Recent research has shown that large language models (LLMs) not only need large quantities of data, but also need data of sufficient quality. Ensuring data quality is even more important in a multilingual setting, where the amount of acceptable training data in many languages is limited. Indeed, for many languages even the fundamental step of language identification remains a challenge, leading to unreliable language labels and thus noisy datasets for underserved languages.

In response to these challenges, we will be holding the first Workshop on Multilingual Data Quality Signals (WMDQS) in tandem with COLM. We invite the submission of long and short research papers related to data quality in multilingual data.

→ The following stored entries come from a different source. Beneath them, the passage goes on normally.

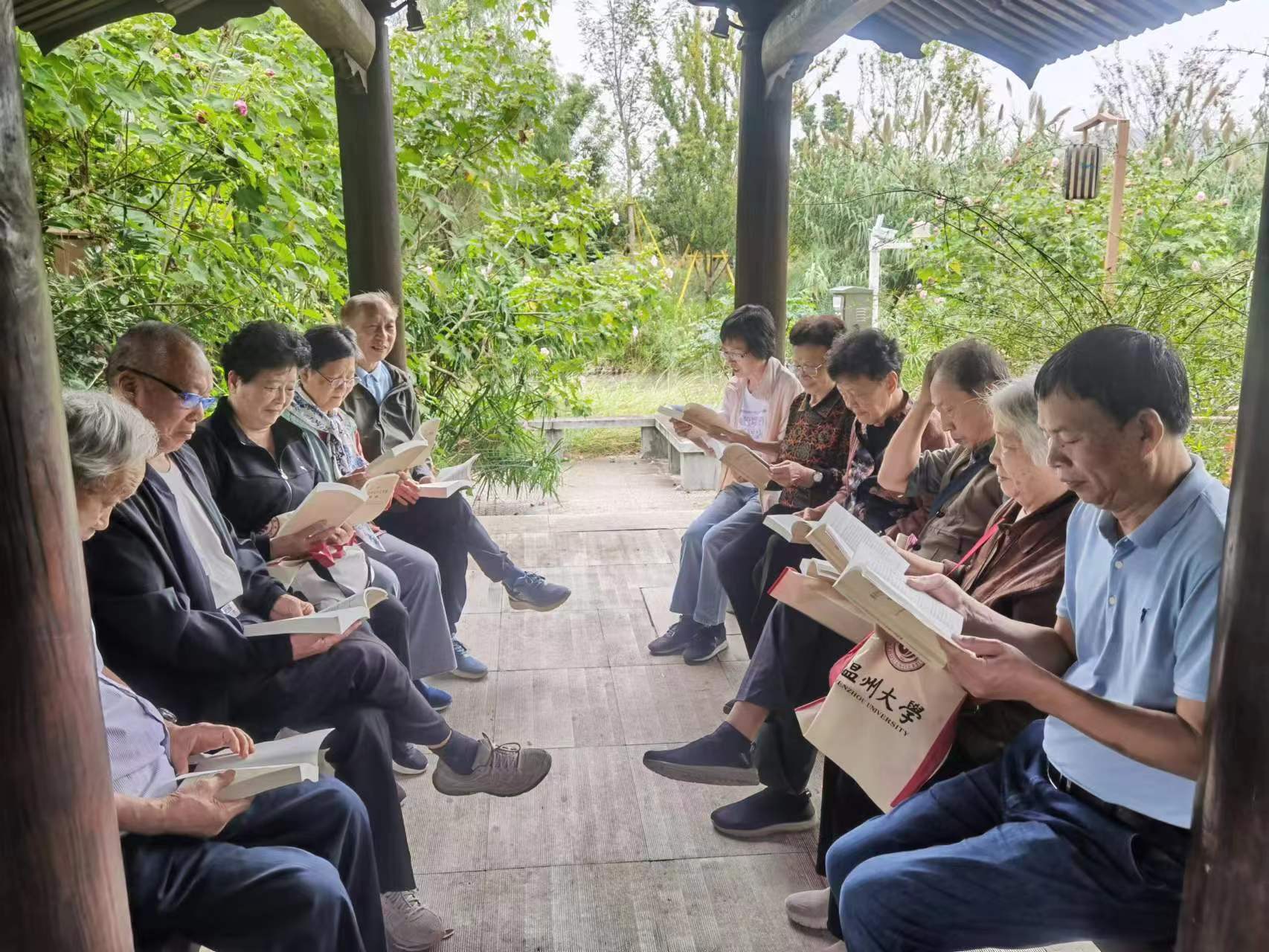 黨員同志們在三垟濕地參觀了“甌江紅黨建人才綜合體”,還在習近平總書記親自種下的大榕樹前集體合影,并在大榕樹下現場開展主題教育理論學習。支部為黨員們準備了《習近平新時代中國特色社會主義思想專題摘編》(以下簡稱《摘編》)一書和學習筆記本。支部書記劉希真傳達了“關于溫州大學離退休干部黨員開展學習貫徹習近平新時代中國特色社會主義思想主題教育的通知”,并領學《摘編》的部分章節,同時組織黨員同志們開展熱烈又充分的學習體會交流。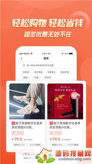 1、点击搜索,即可搜索想要搜索的商品,快速搜索优惠券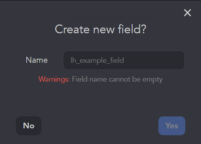 - Définissez les champs Nom et cliquez sur Oui :

Even though most previous work on data quality has been targeted at LLM development, we believe that research in this area can also benefit other research communities in areas such as web search, web archiving, corpus linguistics, digital humanities, political sciences and beyond. We therefore encourage submissions from a wide range of disciplines.

WMDQS will also include a shared task on language identification for web text. We invite participants to submit novel systems which address current problems with language identification for web text. We will provide a training set of annotated documents sourced from Common Crawl to aid development.

decorative

Schedule Outline

Room 520A, Palais des Congrès

9:00 - 9:15 9:15 - 10:15 10:15 - 11:00 11:00 - 12:00 12:00 - 13:00 13:00 - 14:30 14:30 - 15:30 15:30 - 16:30 16:30 - 17:00
Opening Remarks (Laurie Burchell) Keynote 1 (Julia Kreutzer) Best Paper and Shared Task Results (Catherine Arnett) Coffee Break and Poster Session (Shared Task) Keynote 2 (David Ifeoluwa Adelani) Lunch Keynote 3 (Sebastian Nagel) Poster Session (Papers) + Coffee Closing Remarks (Pedro Ortiz Suarez)

Keynote Abstracts

  1. Julia Kreutzer

    Optimizing Data Quality for Multilingual Fine-Tuning

    While in pre-training, multilingual data is still relatively abundant, high-quality and relevant data for fine-tuning is hard to come by. In this talk I will focus on three directions of improving multilingual fine-tuning via interventions on the data-level. The first leverages explicit meta-information to directly tap into the long-tail of the data distribution, the second exploits the diversity of open teacher models and lets them collaborate for better supervision, and the third directly optimizes in the prompt space. We will discuss their potential of advancing multilingual LLM quality further, as well as their limitations.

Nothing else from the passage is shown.